> **ACTIVITY**
Take the lines from the beginning of the material through the line containing "Droog boren in" and retype them exactly, leaving the pictures out.

> **GIVEN INFORMATION**
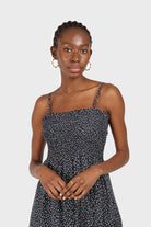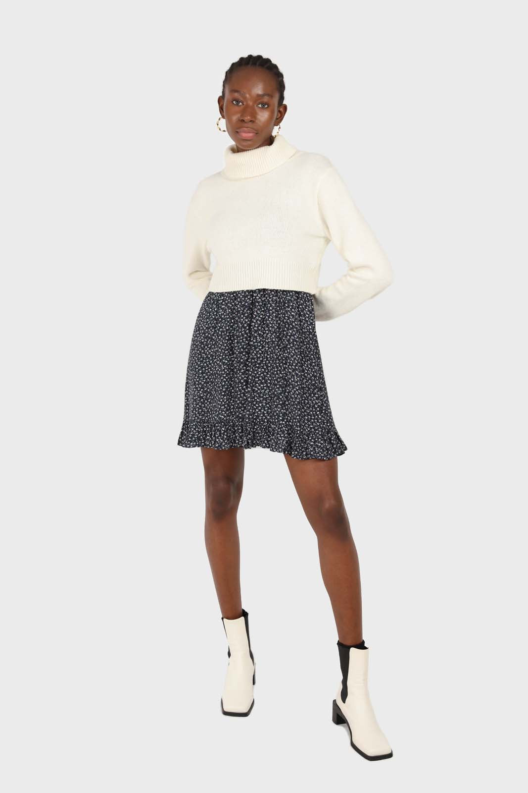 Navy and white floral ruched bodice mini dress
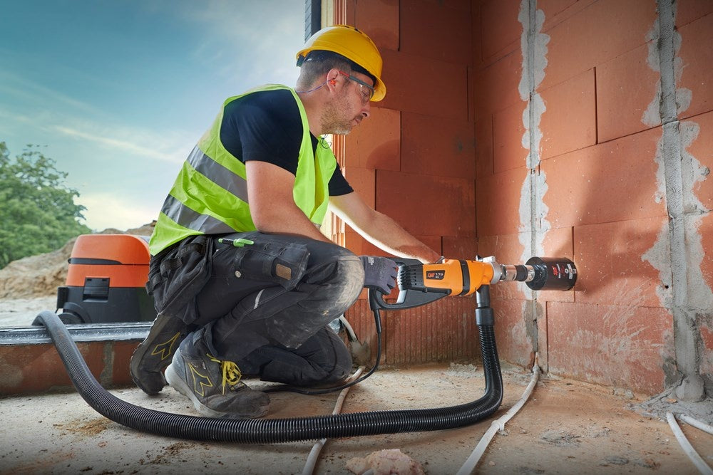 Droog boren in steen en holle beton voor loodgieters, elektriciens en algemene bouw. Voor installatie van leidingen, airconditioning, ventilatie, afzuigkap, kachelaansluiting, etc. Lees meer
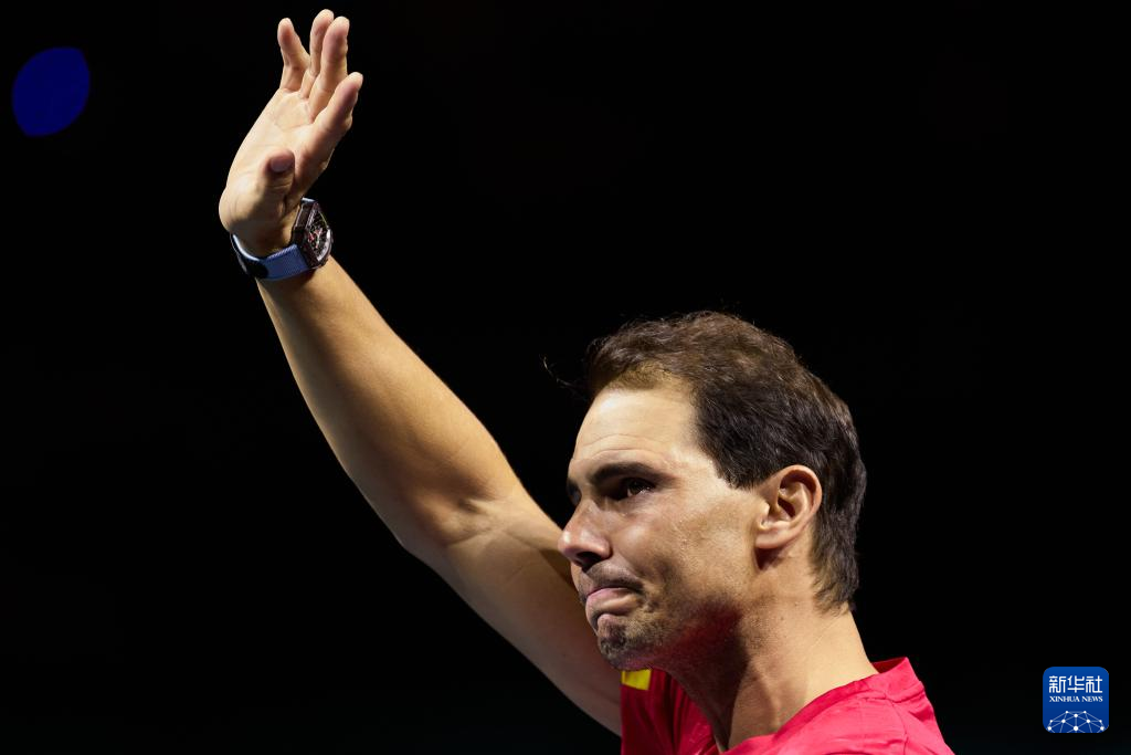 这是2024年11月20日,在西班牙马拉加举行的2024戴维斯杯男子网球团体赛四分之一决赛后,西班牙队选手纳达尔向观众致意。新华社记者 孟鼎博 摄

> **RESPONSE TO THIS TASK**
 Navy and white floral ruched bodice mini dress
 Droog boren in steen en holle beton voor loodgieters, elektriciens en algemene bouw. Voor installatie van leidingen, airconditioning, ventilatie, afzuigkap, kachelaansluiting, etc. Lees meer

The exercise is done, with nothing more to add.